#### Data segment
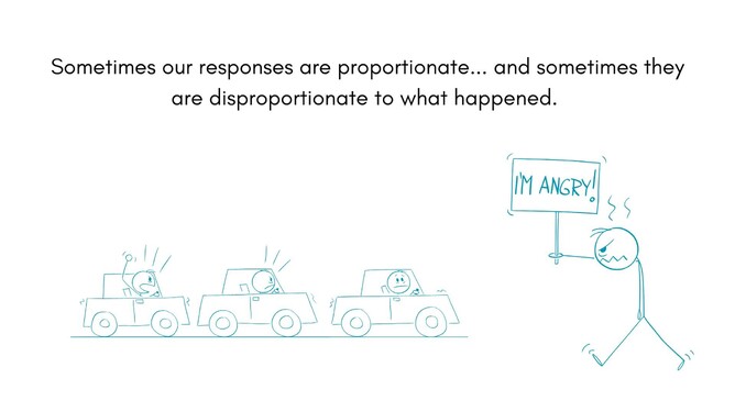 Depending on circumstances and how we are feeling in the moment, we might react differently to the same event. We might over- or under-respond; or have a proportionate or disproportionate reaction to something.
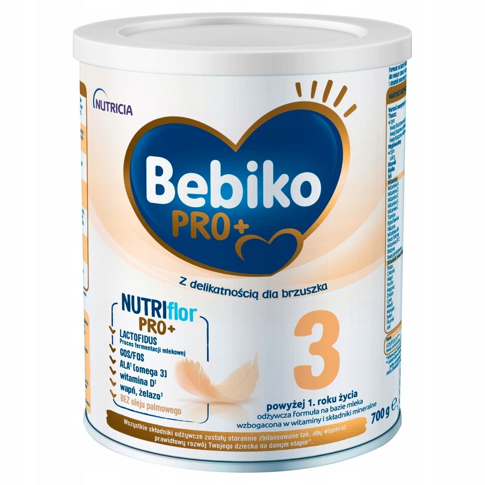Dziecko po 1. roku życia nadal intensywnie się rozwija. Jego układ pokarmowy wciąż dojrzewa i potrzebuje delikatnego traktowania i dopasowanego sposobu żywienia. Bebiko Pro+ 3 to najdelikatniejsza formuła wśród podobnych produktów Bebiko przeznaczonych dla małych dzieci. Odpowiada potrzebom wciąż dojrzewających brzuszków dzięki wyjątkowej kompozycji składników, wspierającej prawidłowy rozwój dziecka.
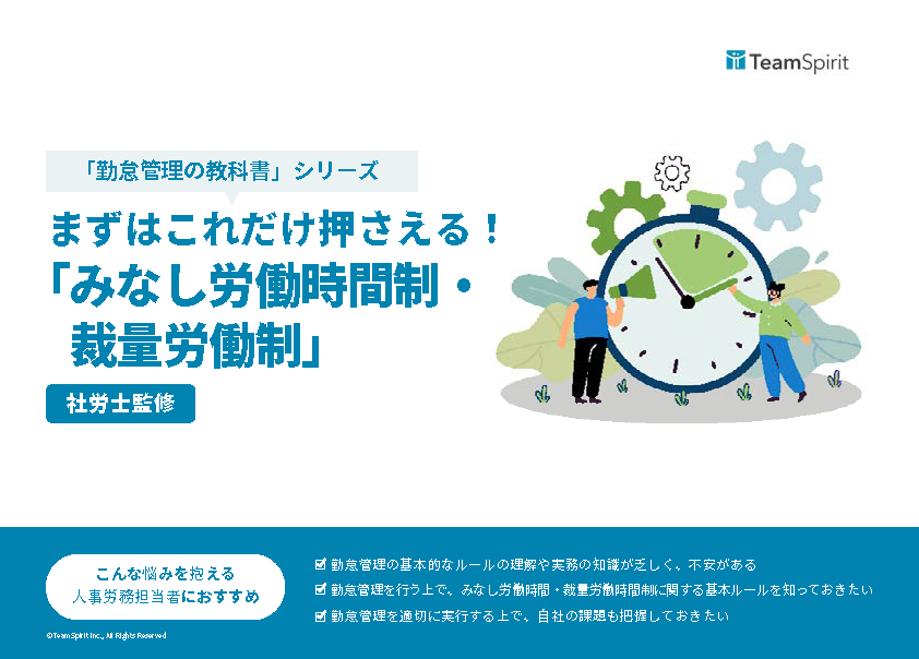 みなし労働時間・裁量労働時間制に関する基礎知識をまとめた資料です。運用上の注意や計算方法についても解説しております。詳しくはこちら -
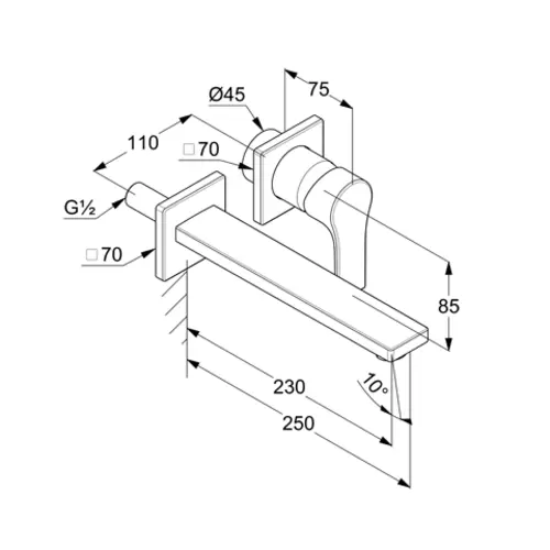 KLUDI ZENTA SL Mitigeur monocommandé mural encastré pour lavabo à deux trous, saillie 230mm, rosace en deux parties, chrome

#### What you need to do
In the data above, find the line containing "みなし労働時間・裁量労働時間"; from there, please write out each line through the end, exactly, with the pictures omitted.

#### The completed task
 みなし労働時間・裁量労働時間制に関する基礎知識をまとめた資料です。運用上の注意や計算方法についても解説しております。詳しくはこちら -
 KLUDI ZENTA SL Mitigeur monocommandé mural encastré pour lavabo à deux trous, saillie 230mm, rosace en deux parties, chrome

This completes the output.